» PROBLEM STATEMENT
Give back the data exactly, with no images.

» THE DATA
= = = =
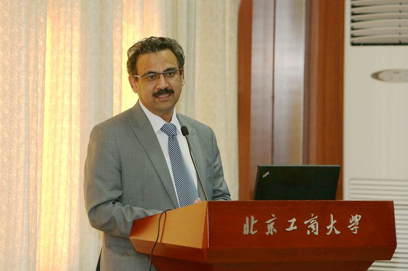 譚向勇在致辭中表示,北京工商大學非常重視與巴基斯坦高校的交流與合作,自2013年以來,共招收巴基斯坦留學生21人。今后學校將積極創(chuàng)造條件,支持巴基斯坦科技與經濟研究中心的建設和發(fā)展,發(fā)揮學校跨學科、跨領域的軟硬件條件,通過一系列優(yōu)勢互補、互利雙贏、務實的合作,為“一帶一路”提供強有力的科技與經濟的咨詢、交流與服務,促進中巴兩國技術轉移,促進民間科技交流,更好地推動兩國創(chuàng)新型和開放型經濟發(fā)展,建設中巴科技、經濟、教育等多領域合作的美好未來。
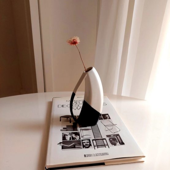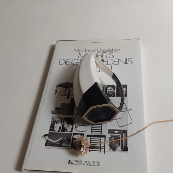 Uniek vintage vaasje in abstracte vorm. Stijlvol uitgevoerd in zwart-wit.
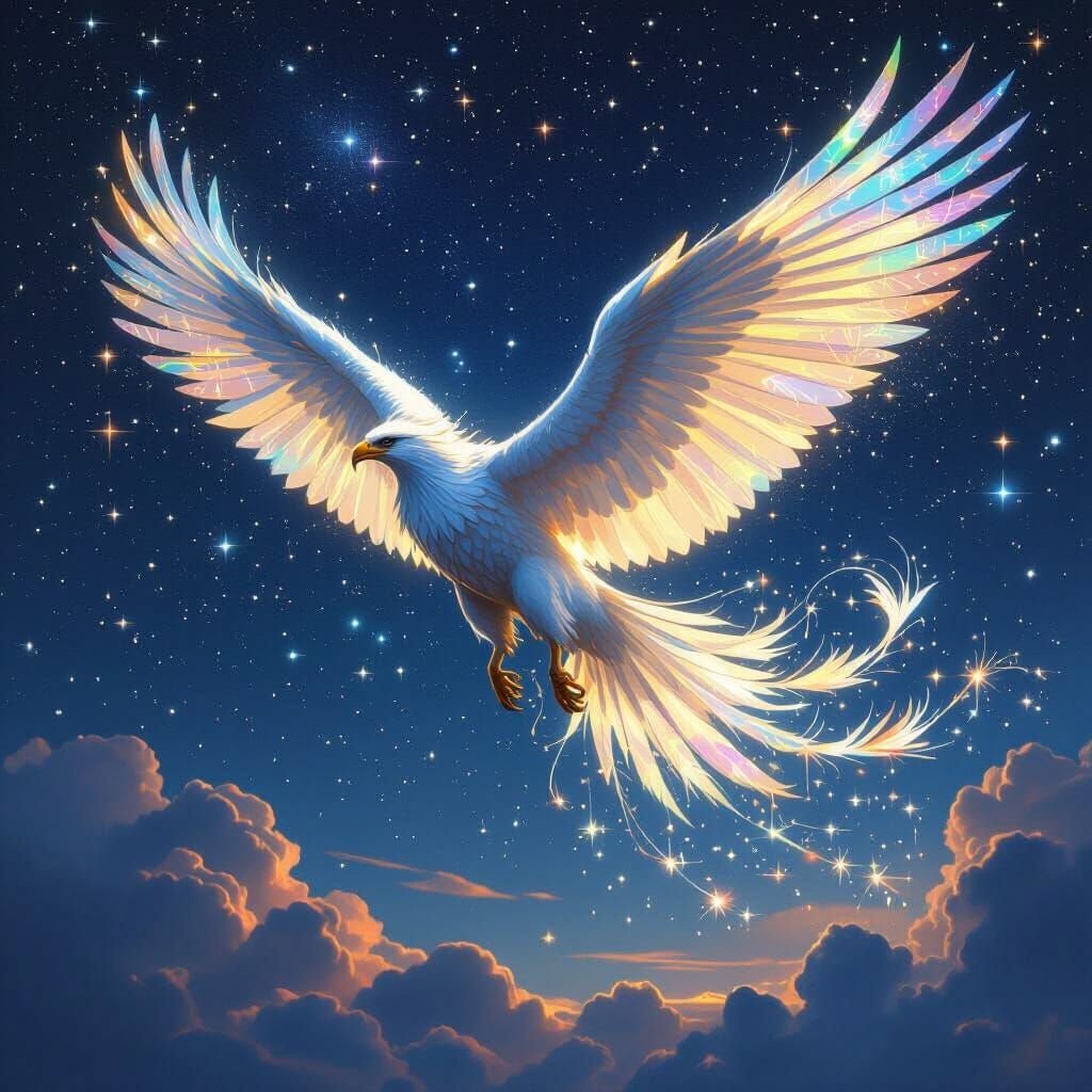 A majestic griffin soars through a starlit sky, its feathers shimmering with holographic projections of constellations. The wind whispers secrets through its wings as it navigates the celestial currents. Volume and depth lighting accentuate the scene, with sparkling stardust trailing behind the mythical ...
= = = =
» TASK OUTPUT
 譚向勇在致辭中表示,北京工商大學非常重視與巴基斯坦高校的交流與合作,自2013年以來,共招收巴基斯坦留學生21人。今后學校將積極創(chuàng)造條件,支持巴基斯坦科技與經濟研究中心的建設和發(fā)展,發(fā)揮學校跨學科、跨領域的軟硬件條件,通過一系列優(yōu)勢互補、互利雙贏、務實的合作,為“一帶一路”提供強有力的科技與經濟的咨詢、交流與服務,促進中巴兩國技術轉移,促進民間科技交流,更好地推動兩國創(chuàng)新型和開放型經濟發(fā)展,建設中巴科技、經濟、教育等多領域合作的美好未來。
 Uniek vintage vaasje in abstracte vorm. Stijlvol uitgevoerd in zwart-wit.
 A majestic griffin soars through a starlit sky, its feathers shimmering with holographic projections of constellations. The wind whispers secrets through its wings as it navigates the celestial currents. Volume and depth lighting accentuate the scene, with sparkling stardust trailing behind the mythical ...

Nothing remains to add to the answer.